Auguste nous avait laissées et attendait dehors, Etiennette d’un coup se lâcha et me raconta ses avanies. Il n’y avait pas que les violences visibles, d’autres plus intimes marquaient les femmes encore plus insidieusement. Mon père ce salopard exigeait chaque soir son dû, ivre mort il lui fallait qu’elle lui ouvre les portes de son intimité, mais même si elle se laissait faire il employait quand même la violence. Il lui fallait la faire souffrir ou bien l’humilier. Elle essayait par tous les moyens de le satisfaire afin qu’il la laisse tranquille, mais jamais il n’était content. Si elle se couchait sur le dos soumise il exigeait qu’elle se retourne, si elle semblait ne pas réagir à ses assauts il la giflait, si elle était gênée par ses menstrues, il empruntait une autre voie que la décence m’empêche de nommer. Il exigeait de son corps ce que les beaux messieurs des villes exigent des putains tarifées.
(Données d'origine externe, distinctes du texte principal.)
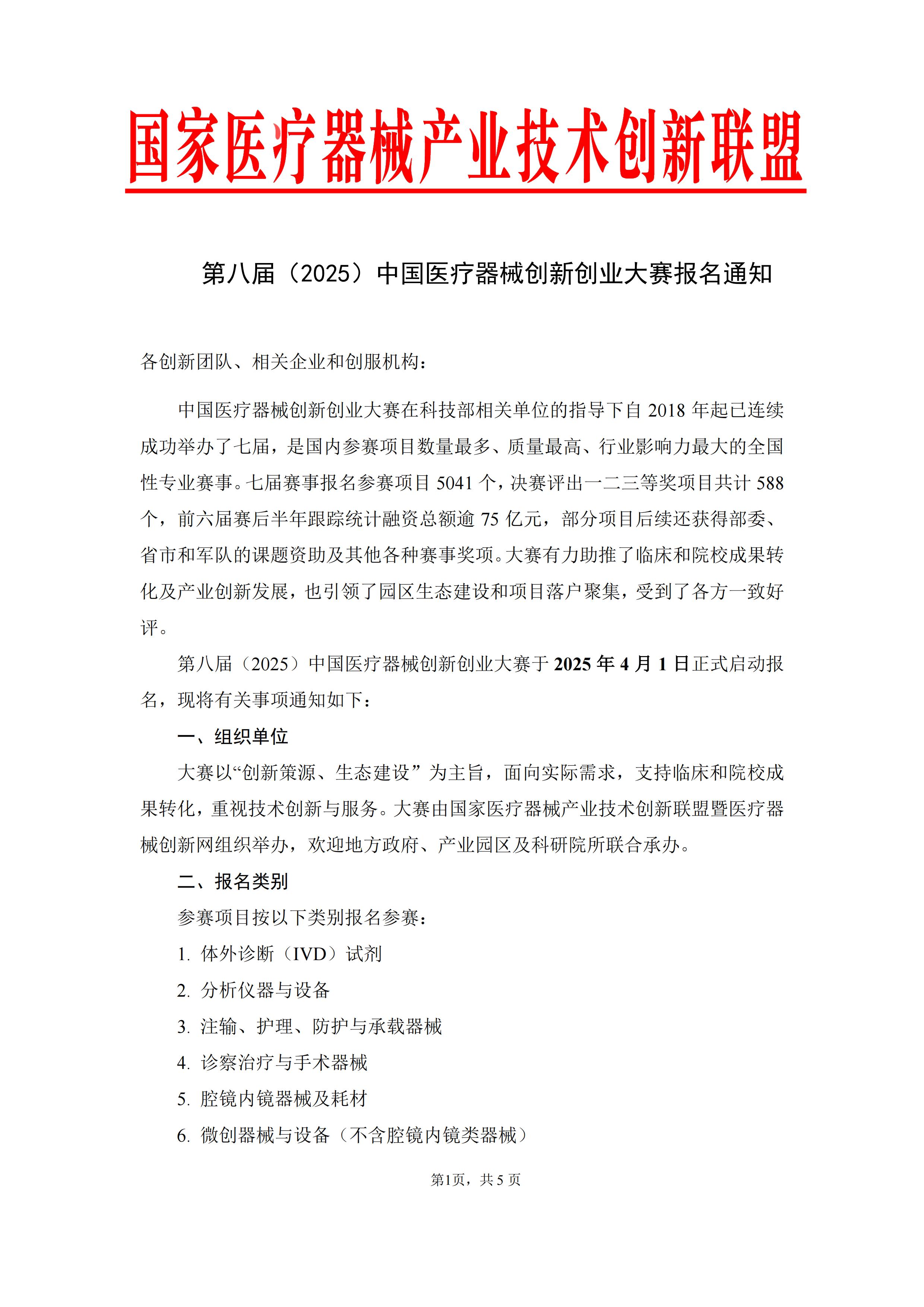第八屆(2025)中國醫療器械創新網創業大賽于2025年4月1日正式啟動報名,現將有關事項通知如下:
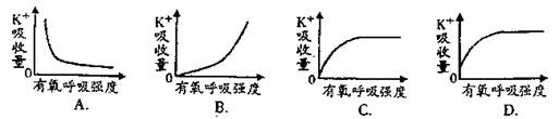 20.能正确表示水稻有氧呼吸强度与K+吸收量关系的是 ( )

Etiennette me raconta tout, le lendemain tout le canton des Achard fut au courant des méfaits de François , cette fois il était allé trop loin. Auguste voulait aller lui foutre une trempe et mon frère Auguste âgé de seize ans et le plus vieux des fils d’Etiennette l’aurait bien tué. Nous étions au bord du drame. Le maire et le curé intervinrent avant que la maréchaussée n’intervienne, tout le monde rejeta mon père et plus personne ne l’embaucha.
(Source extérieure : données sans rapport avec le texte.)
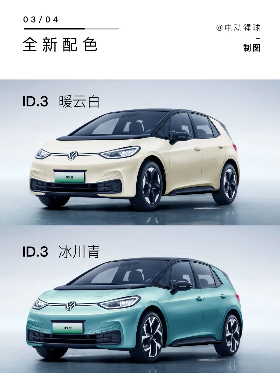 2025 款 ID.3 新增冰川青和暖云白车色,冰川青是莫兰迪色系,高级又独特,开在路上回头率超高;暖云白超耐看,简约又大气。这两个新颜色直接把 ID.3 的颜值拉高几个档,满足你对个性和审美的追求
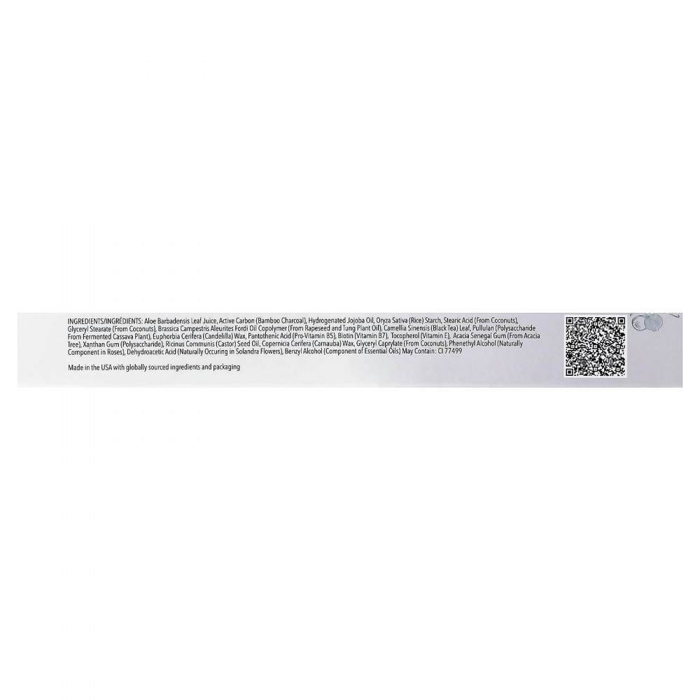 сок листьев алоэ вера (Aloe barbadensis), активный уголь (бамбуковый уголь), гидрогенизированное масло жожоба, рисовый крахмал (Oryza sativa), стеариновая кислота (из кокосов), глицерил стеарат (из кокосов), сополимер масла рапса и тунга (Brassica campestris aleuritus fordi), листья черного чая (Camellia sinensis), пуллулан (полисахарид из ферментированного растения маниока), Воск молочая (Candelilla), пантотеновая кислота (провитамин B5), биотин (витамин B7), токоферол (витамин E), смола сенегальской акации (Acacia senegal), ксантановая камедь (полисахарид), Масло семян Ricinus communis (касторового), Воск Copernicia cerifera (Carnauba), глицерил каприлат (из кокосов), фенетиловый спирт (натуральный компонент из розы), дегидроуксусная кислота (в природе содержится в цветках соландры), бензиловый спирт (компонент эфирных масел) может содержать: CI 77499.

Il fit repentance mais enfin il avait le vieux code Napoléon pour lui et il fallut qu’en chef de famille il récupère son bien, sa poupée sanglante, sa servante, sa femme , sa catin, la mère de ses enfants.

A t’ il eu peur ou prit il conscience du mal qu’il faisait à la femme qu’il aimait malgré tout, il changea un peu ou plus malin berna son monde en restreignant ses violences et en les faisant rentrer dans des limites plus raisonnables ou du moins, moins visibles.

Moi je plaignais cette pauvre femme et en venait à penser qu’une mort prompte pourrait seule la débarrasser de cette ignoble individu qu’était mon père.